I started running about four years ago, as a natural progression of my routine. I’d started walking as a part of my weight loss effort in the spring of 2006, trying to lose some of the weight I’d gained not just as a byproduct of my two pregnancies but also since the day since I’d said “I do” to eating exactly the way my husband did.

Walking became a regular part of my week. At the beginning of the process I was walking mid-morning with a friend who had a baby the same age as The Boy. I pushed the double stroller and did about three and a half miles in an hour, finishing with an hour at the park so the Girl could get some energy out (she was two at the time). After a few months of this routine, my walking partner had to go back to work, but walking was firmly embedded in me, and I was blessed with another friend who was willing to go with me, though she was unable to go during the day. We decided to get up and go early in the mornings. Though we sometimes went a shorter distance, covering only two and half miles, these walks were definitely about fitness, and we pushed the pace hard whenever we went out. By the beginning of 2007, though, my new partner was celebrating a new pregnancy. Frighteningly, in the early weeks, the pregnancy looked like it might be at risk, and she was confined to bedrest. I was out a second walking partner.

That’s when I hit the treadmill. I am still amazed that a woman who hates exercise as much as I do used the machine as consistently as I did in that season. I started walking the three and a half miles, but in a few months I’d started going so fast that I could cover five miles in one hour, usually while reading. As you can imagine, this routine became rather boring in short order, and one day . . . I ran. I didn’t run far or long, about one-eighth of a mile that first day. But consistently, over the next few months, I ran a little more each day, not following any set schedule or program, and by the summer of 2007 I was running all five miles, four or five times a week.

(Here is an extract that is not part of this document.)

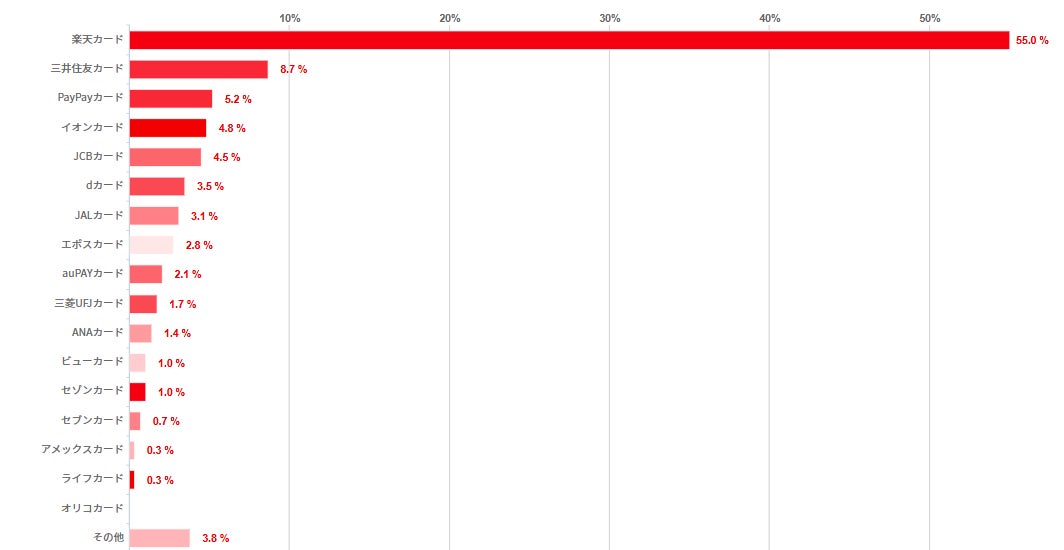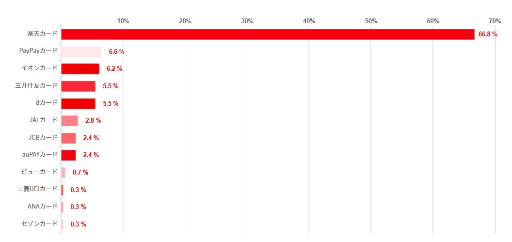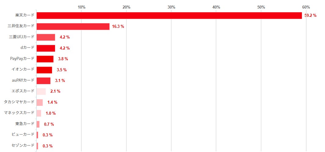 楽天カードが59.2%で過半数を超え、三井住友カードが16.3%でこれに続いた。また、三菱UFJカードとdカードがともに4.2%でその次に多かった。

I tell that story to illustrate that, for me, part of how the sport has moved along has always been in progression, and I don’t always plan it ahead of time. When I agreed to start walking with my friend in 2006, I never intended to start running, much less run a marathon. But little by little, the sport changed for me. My goals and dreams keep growing and changing—not just changing themselves, but changing me.

  • I ran my first 5k in December of 2007. It was my first road race.
  • I ran my first 10k two weeks later.
  • I ran my first half marathon in February of 2008.
  • I ran my first marathon in March of 2009.
  • I ran my first multi-day event in February of 2010, running a 15k and 5k Saturday and a half marathon Sunday.
  • I added distance to the multi-day event in February of 2011, running the 15k and 5k Saturday and a half marathon and 8k Sunday, for a total of 30.5 miles in two days.

I wasn’t sure what I would do next to up the ante. My recovering injury required diminished mileage this year, and for the first time since I started tracking it my total yearly mileage will probably not crack 1300 miles. I didn’t set any personal records this year, and though I ran a new distance (I’d never run the 8k distance before) my performance at it was less than stellar.

And then the perfect challenge presented itself. My running partner and I ran the Halloween Half on October 31, then the 13.1 Fort Lauderdale on November 13. Then we decided to run Palm Beach, and that race was on December 4. Are you seeing the pattern?

Because we had already registered for the Michelob Challenge on March 3 and 4 of next year, part of which is a half marathon, we realized we were very close to running six half marathons in six months. We had already considered registering for the Miami Half Marathon on January 29, 2012, and as of this writing that registration is official.

It remains to register for a race in February, and we believe the A1A Half in Fort Lauderdale, scheduled for February 19, 2012, will fit the bill nicely.

As of now, and barring disabling injury, that will be my marker for this season: I will complete six half marathons in six consecutive months.

Whether that makes me incredibly well-trained or incredibly insane . . . that remains to be seen.